This requires duckdb to be installed.

cleanup_old_files( *, cleanup_all: bool = False, older_than: dt.datetime | None = None, dry_run: bool = False, ) → list[str][source]#

Delete files that have been scheduled for deletion.

Files are only scheduled for deletion when the snapshots referencing them are expired (see expire_snapshots()).

If neither cleanup_all nor older_than is provided, files are deleted according to the "delete_older_than" metadata option (which defaults to two days). The reason for this “grace period” is to prevent deleting files that are being used by active queries.

Parameters:

cleanup_all – If True, delete all files scheduled for deletion regardless of age.
older_than – If provided, only delete files scheduled for deletion before this timestamp.
dry_run – If True, no files are actually deleted and the returned paths merely indicate what would be deleted.

Returns:

The paths that were deleted, or would be deleted when dry_run is True.

create_schema( name: str, *, data_path: str | None = None, if_exists: Literal['fail', 'skip'] = 'fail', ) → None[source]#

Create a new schema in the catalog.

Parameters:

name – The name of the new schema.
data_path – Optional data path for the schema. If not provided, it defaults to the schema name.
if_exists – The strategy to apply if a schema with the same name already exists. “fail” raises an AlreadyExistsError, while “skip” leaves the existing schema unchanged.

Create a new table in the catalog.

Parameters:

name – The fully qualified name of the new table.
schema – The schema of the new table.
partition_by – Optional partitioning for the table.
data_path – Optional data path for the table.
tags – Optional tags to attach to the table.
if_exists – The strategy to apply if a table with the same name already exists. “fail” raises an AlreadyExistsError, while “skip” returns the existing table unchanged.

Returns:

The newly created Table.

delete_orphaned_files( *, cleanup_all: bool = False, older_than: dt.datetime | None = None, dry_run: bool = False, ) → list[str][source]#

Delete files in the data directory that are not tracked in the catalog database.

This is useful for cleaning up files that were written but never registered (e.g. due to a crashed writer).
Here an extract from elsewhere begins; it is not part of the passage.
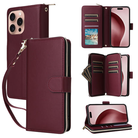 Nine-card Slots Zipper Wallet Bag Leather Phone Case

If neither cleanup_all nor older_than is provided, files are deleted according to the "delete_older_than" metadata option (which defaults to two days). The reason for this “grace period” is to prevent deleting files that are currently being written.

Parameters:

cleanup_all – If True, delete all orphaned files regardless of age.
older_than – If provided, only delete orphaned files last modified before this timestamp.
dry_run – If True, no files are actually deleted.

Returns:

The paths that were deleted, or would be deleted when dry_run is True.

disconnect() → None[source]#

Disconnect from the catalog database, gracefully closing all underlying connections.

After calling this method, all subsequent operations on this Ducklake instance (or any Table / Transaction derived from it) will fail.

This is normally not required because connections are released when the instance is garbage collected, but it is useful when you need to ensure that all connections are released deterministically (e.g. before dropping the catalog database).

execute_sql(query: str | sa.ReturnsRows) → None[source]#

Execute an arbitrary SQL query against the catalog database.

Parameters:: query – The SQL query to execute. This may either be a raw string or a sqlalchemy query. If a raw string is provided, it must use the DuckDB SQL dialect. If a sqlalchemy query is provided, duckdb-engine must be installed.

Note

This requires duckdb to be installed.

expire_snapshots( *, versions: Sequence[int] | None = None, older_than: dt.datetime | None = None, dry_run: bool = False, ) → list[SnapshotMetadata][source]#

Expire snapshots in the catalog so the data they reference can be cleaned up.

This does not immediately delete the underlying files; call cleanup_old_files() afterwards (or use checkpoint()).

The latest snapshot is always retained. If neither versions nor older_than is provided, snapshots are expired according to the "expire_older_than" metadata option. If that option is not set, no snapshots are expired.

Parameters:

versions – A list of snapshot IDs to expire. Versions that do not exist or refer to the latest snapshot are silently ignored.
older_than – If provided, expire all snapshots created before this timestamp.
dry_run – If True, no snapshots are actually expired and the returned snapshots merely indicate what would be expired.

Returns:

The snapshots that were expired, or would be expired when dry_run is True.

get_latest_snapshot() → SnapshotMetadata[source]#

Get metadata for the latest snapshot in the catalog.

Returns:: Metadata for the latest snapshot in the catalog.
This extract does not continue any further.